Proceedings of the National Academy of Sciences
Multidisciplinary; Animals; Bone Marrow Cells; *Bone Marrow Transplantation; Cell Line; Cells, Cultured; Hematopoiesis; *Hematopoietic Stem Cell Transplantation; Hematopoietic Stem Cells; Kinetics; Mice; Mice, Inbred C57BL; Whole-Body Irradiation; Life Sciences; Medicine and Health Sciences
article description
Whether bone marrow stromal cells of donors contribute physiologically to hematopoietic stem cell reconstitution after marrow transplantation is unknown. To determine the transplantability of nonhematopoietic marrow stromal cells, stable clonal stromal cell line (GB1/6) expressing the a isoenzyme of glucose-6-phosphate isomerase (Glu6PI-a, D-glucose-6-phosphate ketol-isomerase; EC was derived from murine long-term bone marrow cultures and made resistant to neomycin analogue G418 by retroviral gene transfer. GB1/6 cells were fibronectin+, laminin+, and collagen-type IV+ and collagen type I-; these GB1/6 cells supported in vitro growth of hematopoietic stem cells forming colony-forming units of spleen cells (CFU-S) and of granulocytes, erythrocytes, and macrophage/megakarocytes (CFU-GEMM) in the absence of detectable growth factors interleukin 3 (multi-colony-stimulating factor), granulocyte/macrophage colony-stimulating factor, granulocyte-stimulating factor, or their poly(A)+ mRNAs.
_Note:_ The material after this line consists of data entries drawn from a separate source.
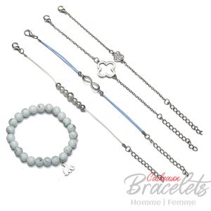 Ensemble de bracelets argent avec infinité, éléphant et cœur cristal (lot de 5)
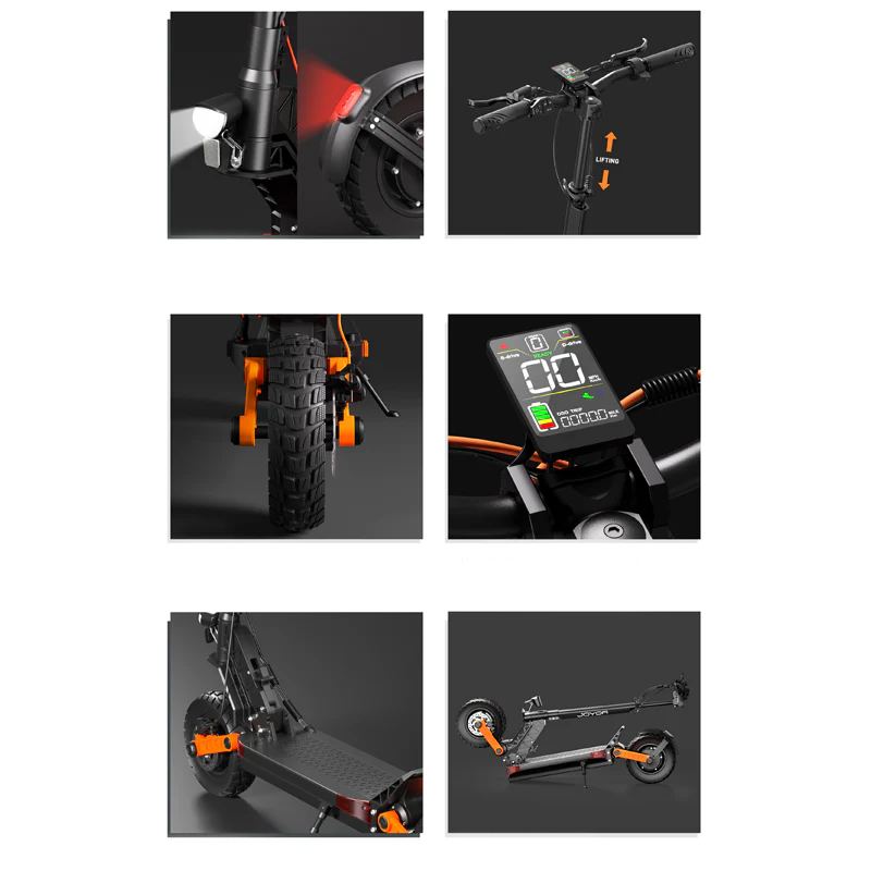 Le cadre robuste est fabriqué en aluminium de qualité aéronautique pour une faible densité et une résistance structurelle élevée. Il a également une excellente conductivité thermique et une résistance à la corrosion, ce qui le rend plus durable. Les phares sont un must pour la conduite de nuit, mais tous les scooters ne sont pas équipés de phares. Le S8-s-z est équipé d’une lampe frontale ultra-lumineuse de 1,1w avec une portée allant jusqu’à 6 mètres pour plus de sécurité. Pneus avant et arrière de 10 pouces, bonne absorption des chocs, bande de roulement antidérapante, avec moteur cc sans balais 2*600W, sortie de puissance stable, S8-s-z vous apportera une expérience de conduite plus lisse.
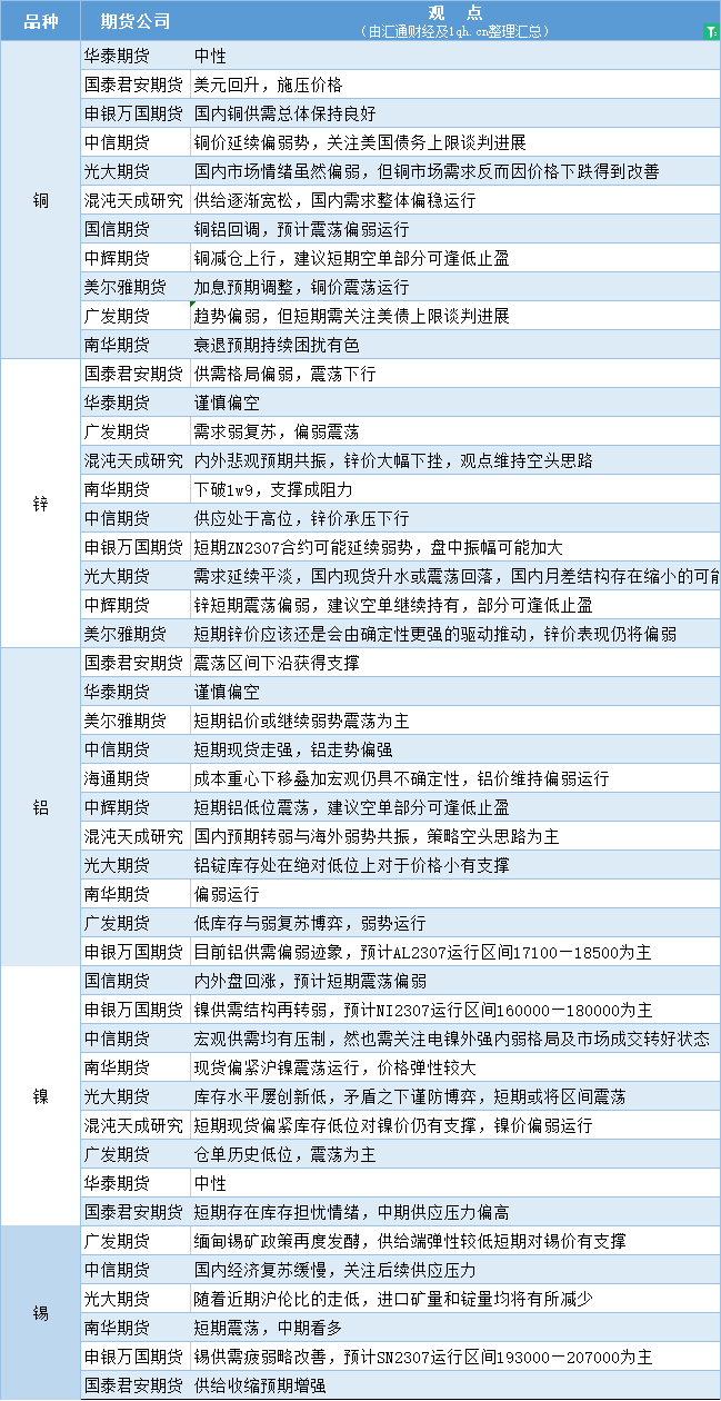 标题:期货公司观点汇总一张图:5月26日有色系(铜、锌、铝、镍、锡等)

The GB1/6 cells produced macrophage colony-stimulating factor constitutively. Recipient C57BL/6J (glucose-6-phosphate isomerase b) mice that received 3-Gy total-body irradiation and 13 Gy to the right hind limb were injected i.v. with GB1/6 cells. Engrafted mice demonstrated donor-originating Glu6PI-a+ stromal cells in marrow sinuses in situ 2 mo after transplantation and a significantly enhanced hematopoietic recovery compared with control irradiated nontransplanted mice. Continuous (over numerous passages) marrow cultures derived from transplanted mice demonstrated G418-resistant, Glu6PI-a+ stromal colony-forming cells and greater cumulative production of multipotential stem cells of recipient origin compared with cultures established from irradiated, nontransplanted control mice. These data are evidence for physiological function in vivo of a transplanted bone marrow stromal cell line.